Method #1 : Using all() + list comprehension The combination of above methods can be used to perform this task. In this, we just check for all list characters using all() in each list and filters out string which has any one of characters. 

Python3




# Python3 code to demonstrate
# Remove words containing list characters
# using list comprehension + all()
from itertools import groupby
 
# initializing list
test_list = ['gfg', 'is', 'best', 'for', 'geeks']
 
# initializing char list
char_list = ['g', 'o']
 
# printing original list
print ("The original list is : " + str(test_list))
 
# printing character list
print ("The character list is : " + str(char_list))
 
# Remove words containing list characters
# using list comprehension + all()
res = [ele for ele in test_list if all(ch not in ele for ch in char_list)]
 
# printing result
print ("The filtered strings are : " + str(res))

Output

The original list is : ['gfg', 'is', 'best', 'for', 'geeks']
The character list is : ['g', 'o']
The filtered strings are : ['is', 'best']

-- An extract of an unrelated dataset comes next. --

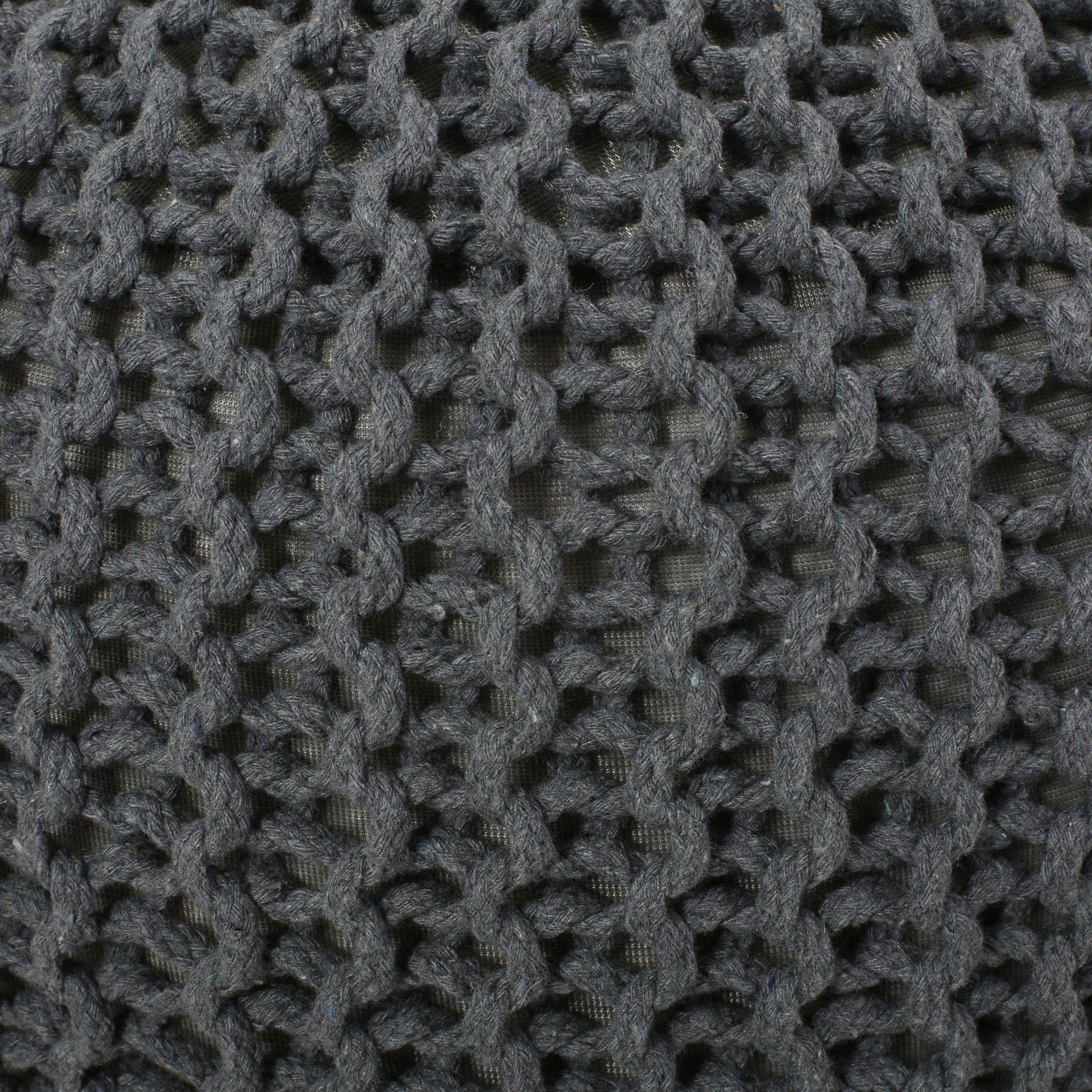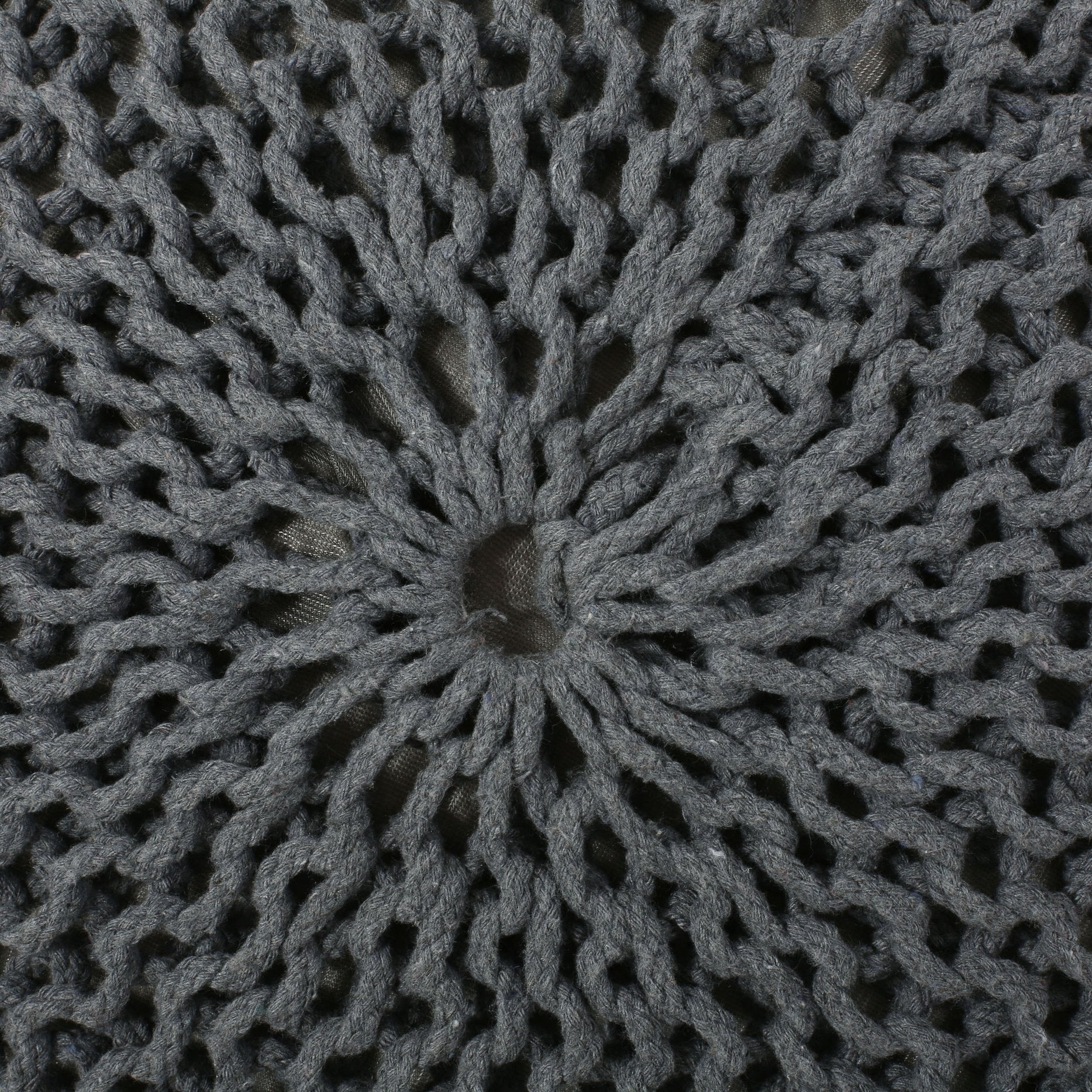 Add a touch of relaxed, contemporary style to any room with this Bordeaux knitted cotton round pouf. Soft to the touch and visually textured, the pouf serves as a versatile accent—use it as extra seating, a footrest, or a casual side table with a tray. Its neutral gray knit complements modern and transitional decor while providing practical comfort.

  Method #2 : Using loop This is brute method in which this task can be performed. In this we use loop and conditional statements to perform this task. 

Python3




# Python3 code to demonstrate
# Remove words containing list characters
# using loop
from itertools import groupby
 
# initializing list
test_list = ['gfg', 'is', 'best', 'for', 'geeks']
 
# initializing char list
char_list = ['g', 'o']
 
# printing original list
print ("The original list is : " + str(test_list))
 
# printing character list
print ("The character list is : " + str(char_list))
 
# Remove words containing list characters
# using loop
res = []
flag = 1
for ele in test_list:
    for idx in char_list:
        if idx not in ele:
            flag = 1
        else:
            flag = 0
            break
    if(flag == 1):
        res.append(ele)
 
# printing result
print ("The filtered strings are : " + str(res))

Output

The original list is : ['gfg', 'is', 'best', 'for', 'geeks']
The character list is : ['g', 'o']
The filtered strings are : ['is', 'best']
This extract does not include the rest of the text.